The real problem is that model checking isn’t consistent across all 4 of the models being used, since machine learning models either:

  1. Lack the same model checks outright

  2. Have them placed somewhere so un-intuitive that documentation couldn’t rescue me this time

# Compare expected number of zeros to observed 
# Observed number of zeros
length(which(df.aph$EGA == 0))
## [1] 125
# Expected number of sites with zero counts under m1 (Poisson distribution)
mu <- predict(m1, type="response", newdata=df.aph)
## Using 100 trees...
sum(exp(-mu))
## [1] 7.412335
# Expected number of sites with zero counts under m2 (Poisson distribution)
mu <- predict(m2, type="vector", newdata=df.aph)
sum(exp(-mu))
## [1] 95.46695
# Expected number of sites with zero counts under m3 (Negative binomial distribution)
mu <- predict(m3, type="response", newdata=df.aph)
sum(exp(-mu))
## [1] 87.26908
# Expected number of sites with zero counts under m4 (Zero inflated Poisson)
mu <- exp(predict(m4)[,1])
p <- 1/(1+exp(-predict(m4)[,2]))
sum(p*exp(-mu) + (1-p))
## [1] 215.5657

From the perspective of predicting zeros, the zero-inflated Poisson is significantly better than the rest. The gradient boosted Poisson is actually awful at predicting zeros, and my guess would be that it smoothed out all of the data across every available point. While this makes a lot of sense for something like a spatial heat map, it’s pretty terrible for deciding if we should or should not go sample an area.

One could argue that it’s possible the scientists performing the sampling were more prone to error in their sampling than they were in their selection process for areas of Kansas, but that would only make sense if their sole sampling goal was EGA.

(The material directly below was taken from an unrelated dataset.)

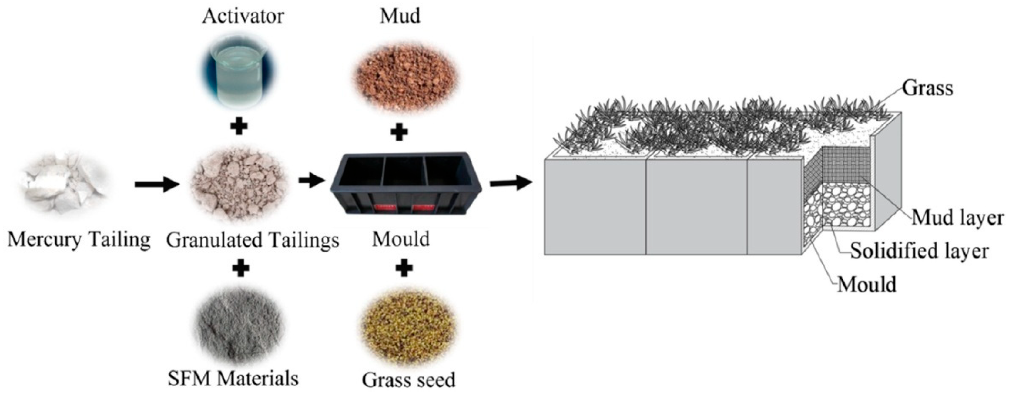 - Zhou, X.; Zhang, Z.; Yang, H. Stabilization/Solidification Mechanisms of Tin Tailings and Fuming Slag-Based Geopolymers for Different Heavy Metals. Front. Environ. Sci. Eng. 2024, 18, 56. [Google Scholar] [CrossRef]

Graphical diagnostics are my preference, they’re comfortable and tell me a lot more about what’s going on with my models than regression diagnostics (for now). As it was pointed out in class, stick with what you know and get an outside consult.

Grass Graphics

Working title was “Grassphics”.

I’ll save discussion on these for the end, since there’s so many of them.

# gbm predictions
df.pred.tmp <- data.frame(EGA = NA,
                          year = df.aph$year,
                          long = df.aph$long,
                          lat = df.aph$lat,
                          grass.perc = df.aph$grass.perc,
                          cul.perc = df.aph$cul.perc)

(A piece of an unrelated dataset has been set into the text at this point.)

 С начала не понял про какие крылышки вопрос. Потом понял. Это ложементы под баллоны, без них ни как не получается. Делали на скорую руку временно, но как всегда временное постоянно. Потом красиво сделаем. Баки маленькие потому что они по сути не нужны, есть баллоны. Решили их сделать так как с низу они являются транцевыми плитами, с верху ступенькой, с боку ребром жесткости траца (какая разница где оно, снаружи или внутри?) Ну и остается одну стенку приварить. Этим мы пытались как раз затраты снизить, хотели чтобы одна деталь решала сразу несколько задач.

df.pred.tmp$EGA <- predict.gbm(m1, newdata=df.pred.tmp, type="response")
## Using 100 trees...
# reformat predictions for shapefile plotting
pts.sample <- data.frame(long = df.aph$long,lat = df.aph$lat, 
                         count = df.pred.tmp$EGA,
                         t = df.aph$year)
coordinates(pts.sample) =~ long + lat
proj4string(pts.sample) <- CRS("+proj=longlat +datum=WGS84 +no_defs +ellps=WGS84 +towgs84=0,0,0")

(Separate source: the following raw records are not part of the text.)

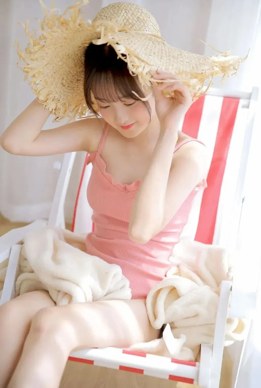 首先服装选择很关键。这种带荷叶边的粉色系泳衣特别显白,能衬托出皮肤的通透感,甜度满分。搭配一顶边缘做旧的大檐草编帽,瞬间就有度假的风情了。再准备一条白色的毛绒毯子或者浴巾,随意搭在身上,既是保暖道具,也是增加画面层次感的秘密武器,还能遮挡一些不想露出的部位,增加安全感。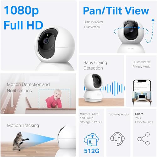 Tapo - كاميرا مراقبة داخلية تابو TC71 من تي بي لينك، 3 ميجابكسل، كاميرا اي بي قبة 360 درجة، جهاز تحكم عن بعد بالتطبيق، تعمل مع اليكسا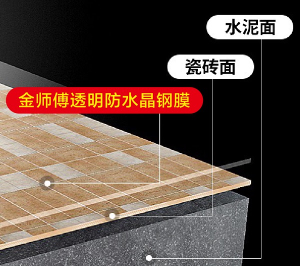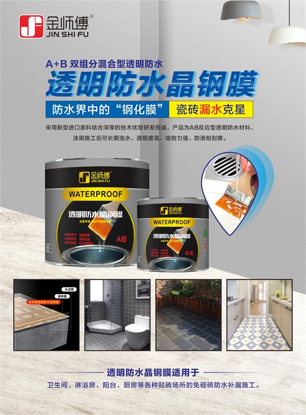金師傅透明防水晶鋼膜是一款透明隱形防水,不影響美觀,還防滑易擦洗,解決普通防水膠時(shí)間長(zhǎng)發(fā)黃、施工后遇水起皮脫殼、施工不凝固等問(wèn)題。

# plot expected counts of EGA
par(mar=c(5.1, 4.1, 4.1, 8.1), xpd=TRUE)
plot(sf.kansas,main="Expected Abundance of English Grain Aphid")
points(pts.sample[,1],col=rgb(0.4,0.8,0.5,0.9),pch=ifelse(pts.sample$count>0,20,4),cex=pts.sample$count/50+0.5)
legend("right",inset=c(-0.25,0),legend = c(0,1,10,20,40,60), bty = "n", text.col = "black", 
       pch=c(4,20,20,20,20,20), cex=1.3,pt.cex=c(0,1,10,20,40,60)/50+0.5,col=rgb(0.4,0.8,0.5,0.9))

# rpart predictions
df.pred.tmp <- data.frame(EGA = NA,
                          year = df.aph$year,
                          long = df.aph$long,
                          lat = df.aph$lat,
                          grass.perc = df.aph$grass.perc,
                          cul.perc = df.aph$cul.perc)

df.pred.tmp$EGA <- predict(m2, newdata=df.pred.tmp, type="vector")

# reformat predictions for shapefile plotting
pts.sample <- data.frame(long = df.aph$long,lat = df.aph$lat, 
                         count = df.pred.tmp$EGA,
                         t = df.aph$year)
coordinates(pts.sample) =~ long + lat
proj4string(pts.sample) <- CRS("+proj=longlat +datum=WGS84 +no_defs +ellps=WGS84 +towgs84=0,0,0")

# plot expected counts of EGA
par(mar=c(5.1, 4.1, 4.1, 8.1), xpd=TRUE)
plot(sf.kansas,main="Expected Abundance of English Grain Aphid")
points(pts.sample[,1],col=rgb(0.4,0.8,0.5,0.9),pch=ifelse(pts.sample$count>0,20,4),cex=pts.sample$count/50+0.5)
legend("right",inset=c(-0.25,0),legend = c(0,1,10,20,40,60), bty = "n", text.col = "black", 
       pch=c(4,20,20,20,20,20), cex=1.3,pt.cex=c(0,1,10,20,40,60)/50+0.5,col=rgb(0.4,0.8,0.5,0.9))

# negative binomial predictions
df.pred.tmp <- data.frame(EGA = NA,
                          year = df.aph$year,
                          long = df.aph$long,
                          lat = df.aph$lat,
                          grass.perc = df.aph$grass.perc,
                          cul.perc = df.aph$cul.perc)

df.pred.tmp$EGA <- predict(m3, newdata=df.pred.tmp, type="response")

# reformat predictions for shapefile plotting
pts.sample <- data.frame(long = df.aph$long,lat = df.aph$lat, 
                         count = df.pred.tmp$EGA,
                         t = df.aph$year)
coordinates(pts.sample) =~ long + lat
proj4string(pts.sample) <- CRS("+proj=longlat +datum=WGS84 +no_defs +ellps=WGS84 +towgs84=0,0,0")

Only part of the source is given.